Šakalkulator project for "Soft Computing"
"Šakalkulator", developed as our 4th year college project, is a program used for class "Soft Computing" in 2024.
The goal of this project is to enable a simple calculator that can perform basic arithmetic operations (+, -, *, /), with any numbers, using hand gestures and audio recordings.
All of the data used for the program was made by the 3 students who created the project.
To install this program, you're required to do two things.
- CD into the folder where requirements.txt can be found and do:
pip install -r requirements.txt
- Run the script itself
python main.py
Database consists of 2 parts: audio and video data. Audio data is stored in .mp3 format, while video data in .mp4 format.
Both audio and video data consist of 2 separated folders: training and testing, 80% and 20% respectively.
Mainly two types of models are trained: CNN for image classification and SVM for audio classification.
CNN, used for image classification, is trained on a dataset of hand gesture images. Each gesture represents a number or an arithmetic operation. The training of the gestural part of the application was performed by a fully connected neural network, which consists of 5 convolutional, Flatten, fully connected Dense and output Dense layers.

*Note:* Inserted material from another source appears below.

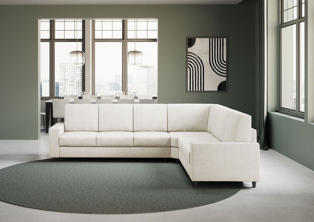 Divano Angolare 6 Posti 286x226x85 cm Sakar in Tessuto Latte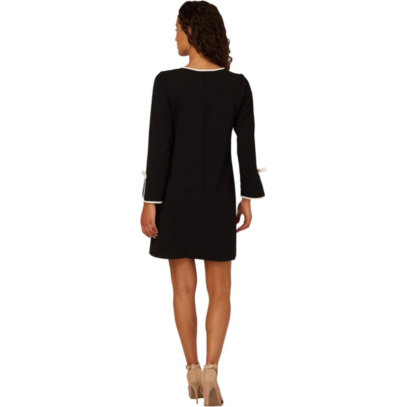 Styled with bow accents at the sleeves, the Adrianna Papell Long Sleeve Crepe Short Dress is a perfect choice for bridal showers, dinners, weddings, and special occasions. Made from a polyester blend, this above-the-knee dress has long sleeves, a crew neckline, and a straight hem. The zippered back closure offers easy on and off. This crepe dress makes a stylish addition to your wardrobe.

SVM, used for audio classification, is trained with linear kernel, and MFCC was used for feature extraction.
Testing the performance of the calculator on videos was done by taking frame by frame and making a prediction for each one.
Testing the operation of the calculator on audio recordings was done by dividing each one into segments where the division was made according to the absence of sound and for each segment a prediction was made after that. The exact results are placed in a csv file.
Both models are evaluated using various metrics such as accuracy, precision, recall, and F1 score.
PlaylistGenie is available under the GNU GPLv3 license.